Discover the latest breakthroughs in pathology and laboratory medicine
Luke Turner | | Quick Read
From High to Low
Ductal carcinoma in situ – a premalignant breast cancer – is currently classed as low-, intermediate-, or high-risk. New research evaluated whether artificial intelligence can be used to distinguish between those risk categories, using quantitative nuclear histomorphometric features from H&E slides. Both tumor size and orientation from intermediate cases were found to be much more closely aligned with the low-risk than the high-risk group. Many intermediate patients currently receive radiation therapy, but these findings suggest that such an aggressive approach may not be necessary (1).
RNA and DNA Join Forces
Data presented at the recent National Society of Genetic Counselors Annual Conference shows how more patients with genetic mutations can be identified by combining RNA and DNA tests compared with DNA testing alone. For the BRCA1 mutation commonly associated with breast cancer, the combination of RNA and DNA testing led to a 14 percent increase in the number of patients in whom cancer-linked mutations were identified. There was also a 4.5 percent relative decrease in the number of patients who would have received inconclusive results with only DNA testing (2).

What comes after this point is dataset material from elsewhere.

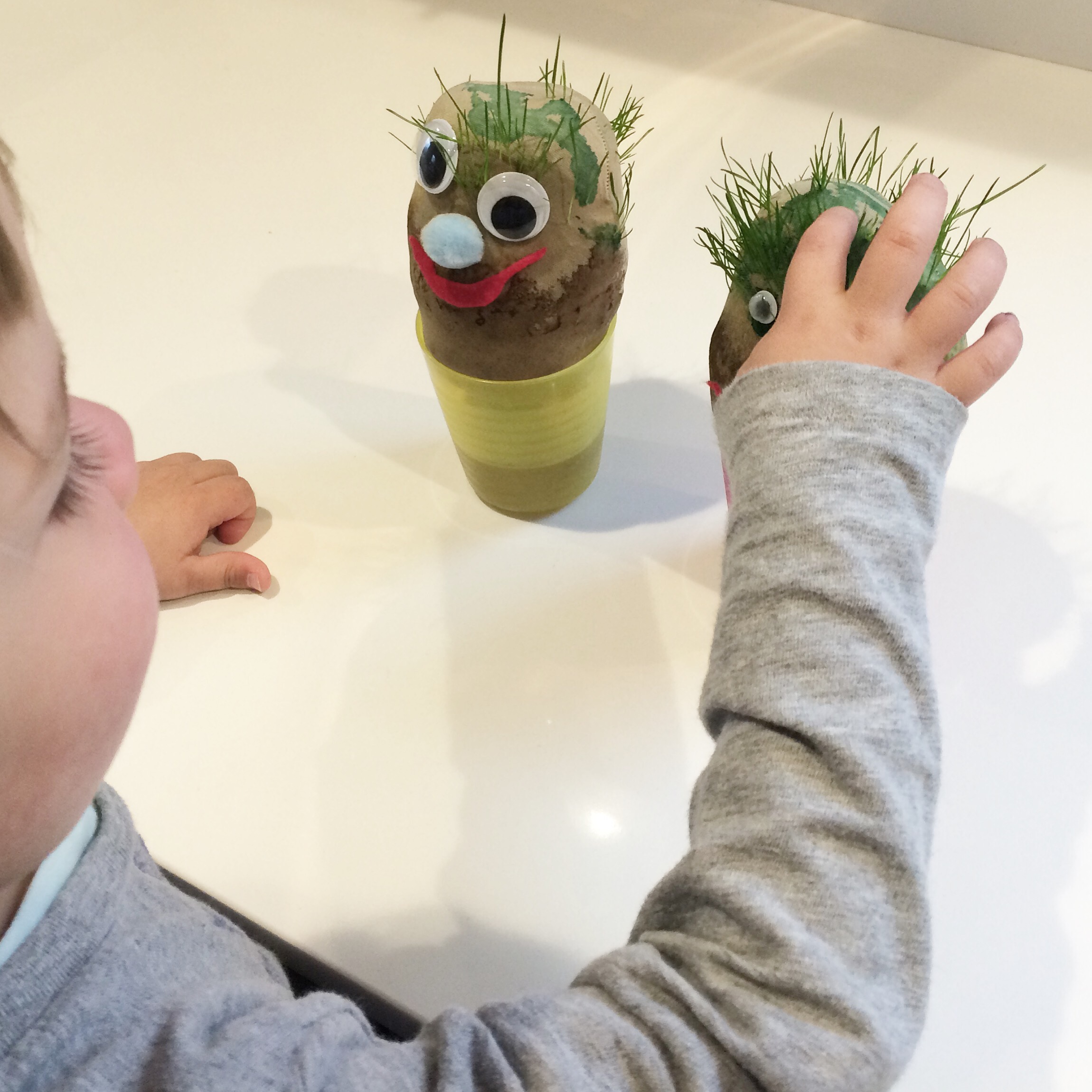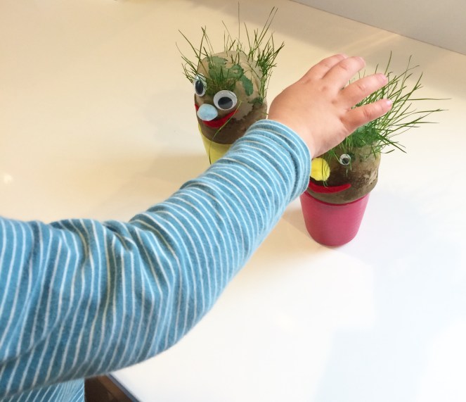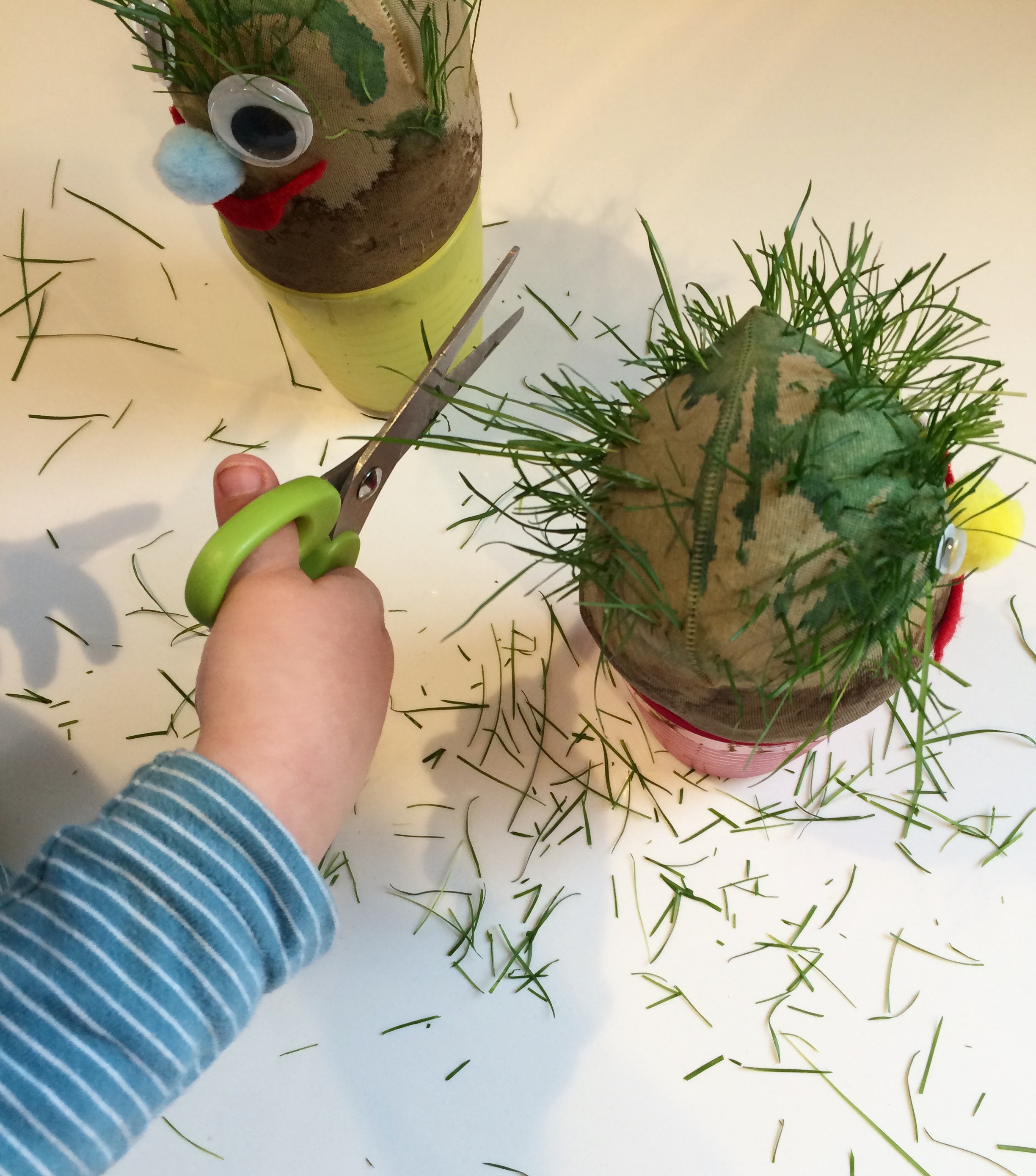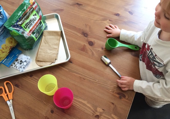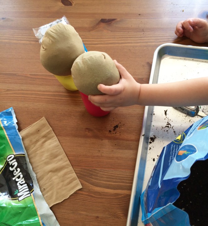 I don’t have too many pictures from making these babies, because we had our hands deep in soil and it was a two-person project! We didn’t measure (I’m turning into my mama cooking), but we probably used a few tablespoons of grass seed and two cups of soil, enough to make a sizable ball. I held the tights open while Jackson scooped, first the seed, then the soil. I knotted the fabric, then plopped it in a cup with some water. The fabric hanging down in the cup wicks the water up into the soil.

A new contrast dye for magnetic resonance imaging (MRI) tests shows promise as an effective and noninvasive way to diagnose early-stage liver diseases. Contrast dyes improve visibility within the body during MRI, and the new ProCA32.collagen1 contrast agent targets the overexpression of collagen. Early tests in animal models have demonstrated its ability to detect early-stage alcohol-induced liver fibrosis and non-alcoholic steatohepatitis, the most severe form of non-alcohol fatty liver disease. Twice as accurate as conventional contrast agents, ProCA32.collagen1 can also detect tumors as small as 0.1 mm (3).
The sperm of infertile men have a specific epigenetic molecular signature attached to their DNA that fertile men lack, according to new research. Despite the increasing prevalence of male infertility worldwide, the current diagnostic procedure assesses sperm quantity and motility – a lengthy and often inaccurate approach. The signatures of differential DNA methylation regions associated with male idiopathic infertility problems may avoid long periods of uncertainty when diagnosing fertility issues. The researchers also uncovered a different biomarker within infertile patients that could indicate whether hormone therapy treatment may be effective (4).
- H Li et al., “Quantitative nuclear histomorphometric features are predictive of Oncotype DX risk categories in ductal carcinoma in situ: preliminary findings”, Breast Cancer Res, 21, 114 (2019). PMID: 31623652.
- R Karam et al., “A Nationwide multi-center study provides insight into the increase in clinically actionable results from concurrent DNA and RNA genetic testing”. Poster presented at the 38th National Society of Genetic Counselors Annual Conference; November 6, 2019; Salt Lake City, USA. Poster #B-131.
- M Salarian et al., “Early detection and staging of chronic liver diseases with a protein MRI contrast agent”, Nat Commun, 10, 4777 (2019). PMID: 31664017.
- S Luján et al., “Sperm DNA methylation epimutation biomarkers for male infertility and FSH therapeutic responsiveness”, Sci Rep, 9, 16786 (2019). PMID: 31727924.